Tuesday 14 May 2013

CHILD VUNERABILITY

VULNERABILITY
Vulnerability mean "a high probability of a negative outcome", or an expected welfare loss above a socially accepted norm, which results from risky/uncertain events, and the lack of appropriate risk management instruments. Vulnerability is shaped by risk and stress characteristics such as magnitude, frequency, duration, and scope, to which individuals, households and communities are exposed. This implies that vulnerability is a relative state - a multifaceted continuum between resilience and absolute helplessness.

clip_image002
THE DOWNWARD SPIRAL OF CHILD VULNERABILITY
Compared to adults, all children are vulnerable by nature, but some children are more critically vulnerable than others. Child vulnerability is a downward spiral where each shock leads to a new level of vulnerability, and each new level opens up for a host of new risks. In other words, the probability of a child experiencing a negative outcome rises with each shock. At the bottom of this spiral we find children who live outside of family care or in situations of severe family abuse and neglect.
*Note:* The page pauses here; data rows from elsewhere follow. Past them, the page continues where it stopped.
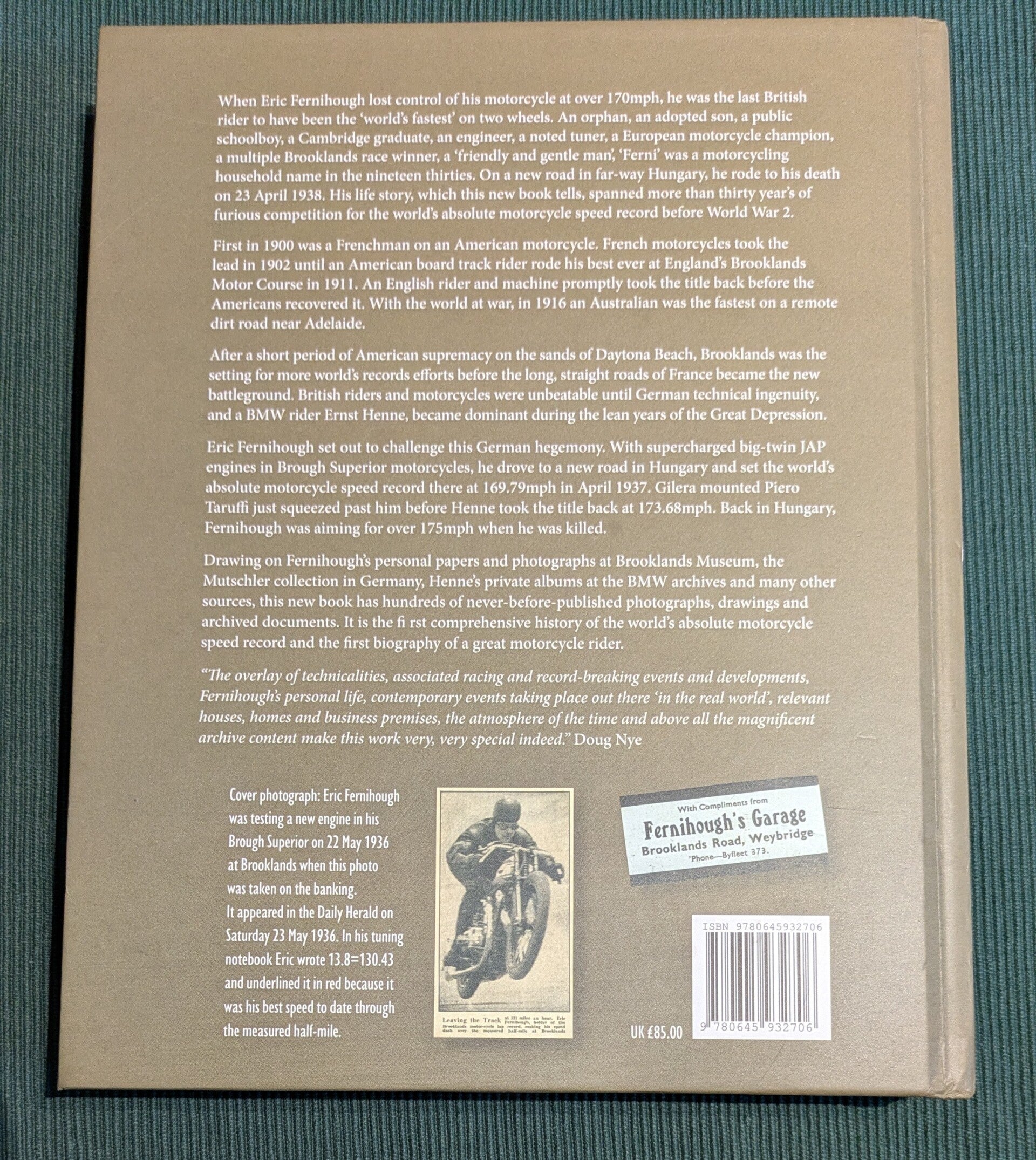 This book, written by Fernihough expert Terry Wright draws on original documentation held at archives in Britain and Europe to compile not only the story of Fernihough’s life, but it also chronicles the history of the motorcycle world record from its inception to the 1930’s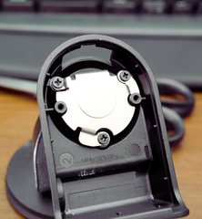 さてNV-U35のカーマウントのボールジョイント(?)部分がなんだか緩くなってきた感じで、車に装着しておくとだんだん下を向いて行っちゃうので、なんとかしよーとばらしてみた。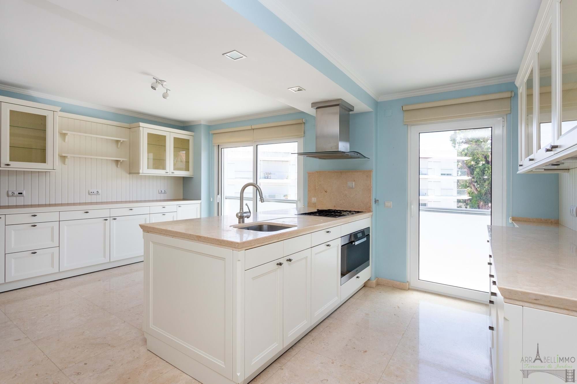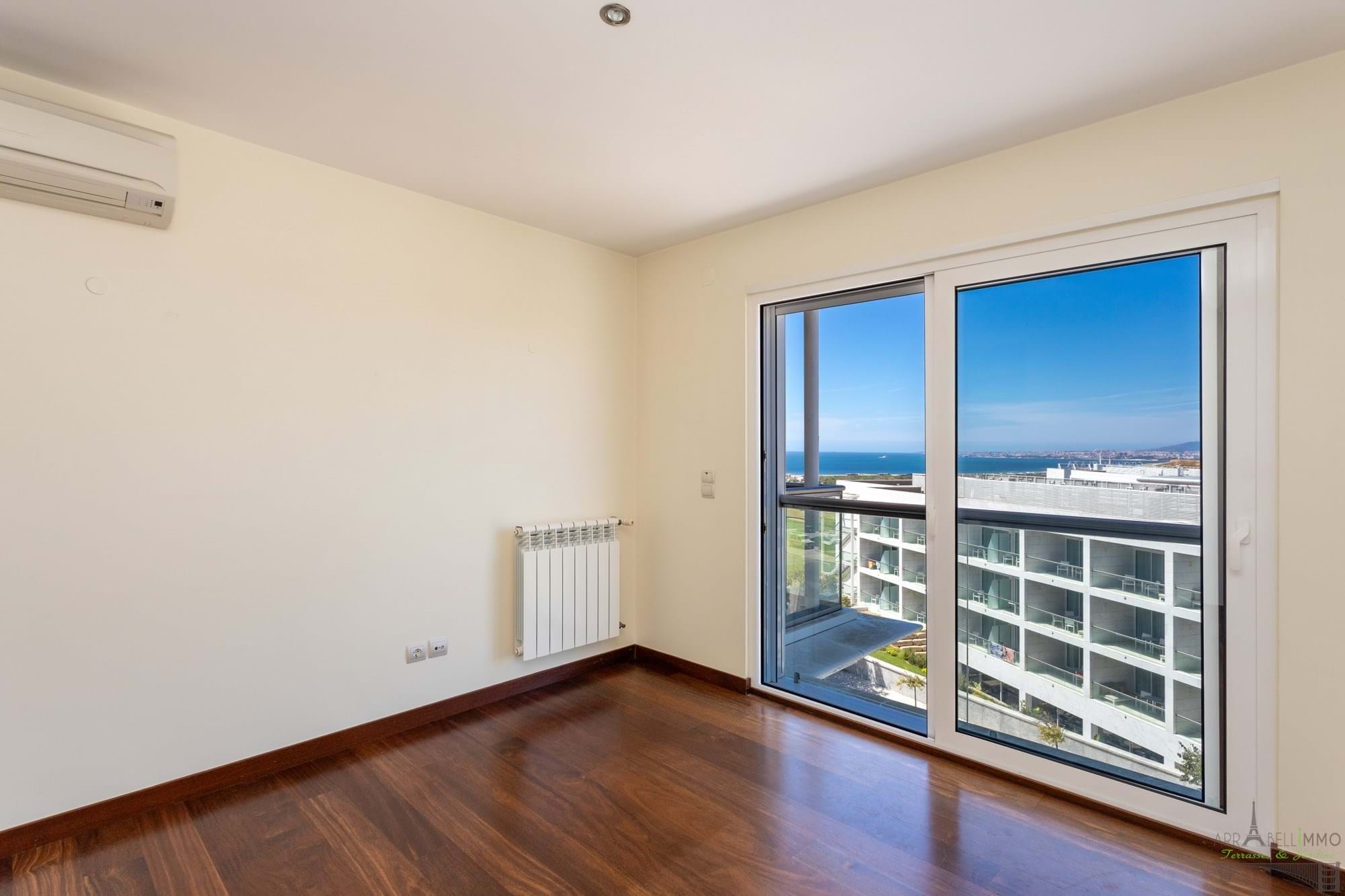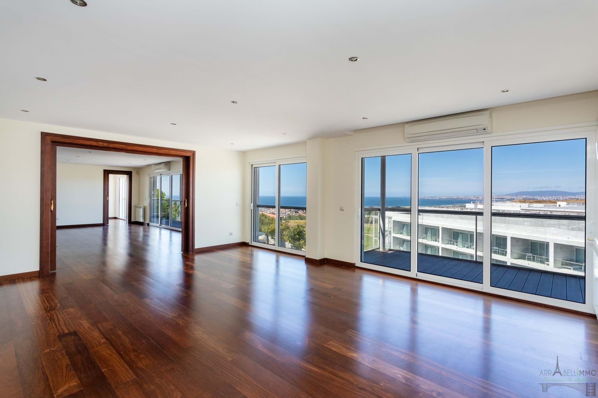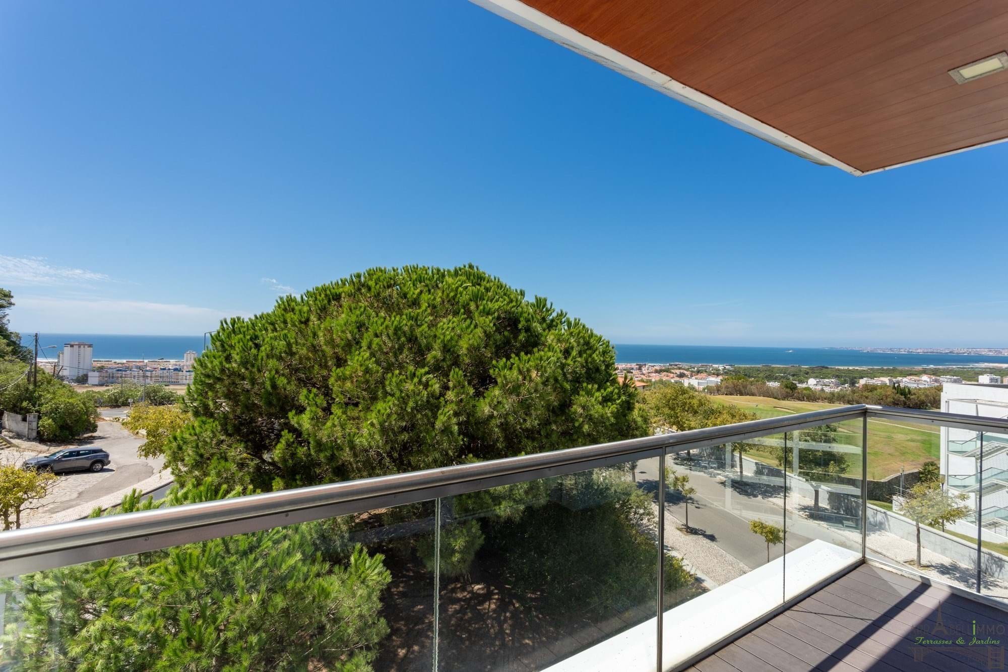 Amplo apartamento T4 com 279,85 m² e vista desafogada para o oceano e as praias da Costa da Caparica. Situado no terceiro andar, este apartamento virado a nascente e poente beneficia de uma grande luminosidade e de três amplos terraços que permitem desfrutar plenamente da tranquilidade e do estilo de vida à beira-mar. Antigamente dividido em dois apartamentos independentes, foi alvo de uma renovação completa com o objetivo de unificar os espaços e criar uma atmosfera aberta, espaçosa e banhada de luz natural, graças às amplas janelas que se abrem para o exterior. De um dos três terraços, poderá desfrutar de uma vista deslumbrante sobre o oceano. O apartamento inclui uma ampla sala de estar aberta para a sala de jantar, quatro quartos, dos quais dois são suites, um closet, uma espaçosa e luminosa cozinha totalmente equipada, uma lavandaria e duas casas de banho independentes. A sua localização, ligeiramente elevada em relação ao litoral, oferece uma vista magnífica sobre as praias e o campo de golfe dos Capuchos, estando a menos de dez minutos de carro das lojas e restaurantes da Costa da Caparica. É também uma excelente opção para uma família com crianças, graças à proximidade das escolas, nomeadamente a escola internacional de Almada, situada a apenas sete minutos de carro, e ao fácil acesso ao centro de Lisboa em menos de trinta minutos. O apartamento é vendido com duas vagas de estacionamento. É importante salientar que o apartamento está atualmente arrendado. O comprador terá de assumir o contrato de arrendamento, que terminará em meados de maio de 2028

OVC interventions can be made at all levels to prevent (a further) increased vulnerability, or to mitigate the effect of likely shocks. The higher up in the spiral the intervention is made, the more cost-effective it is likely to be. OVC should preferably be assisted before they have reached the most critical stages of vulnerability, because interventions aimed to rescue and rehabilitate the most critically vulnerable children tend to be too expensive to be sustainable and moreover have low rates of success.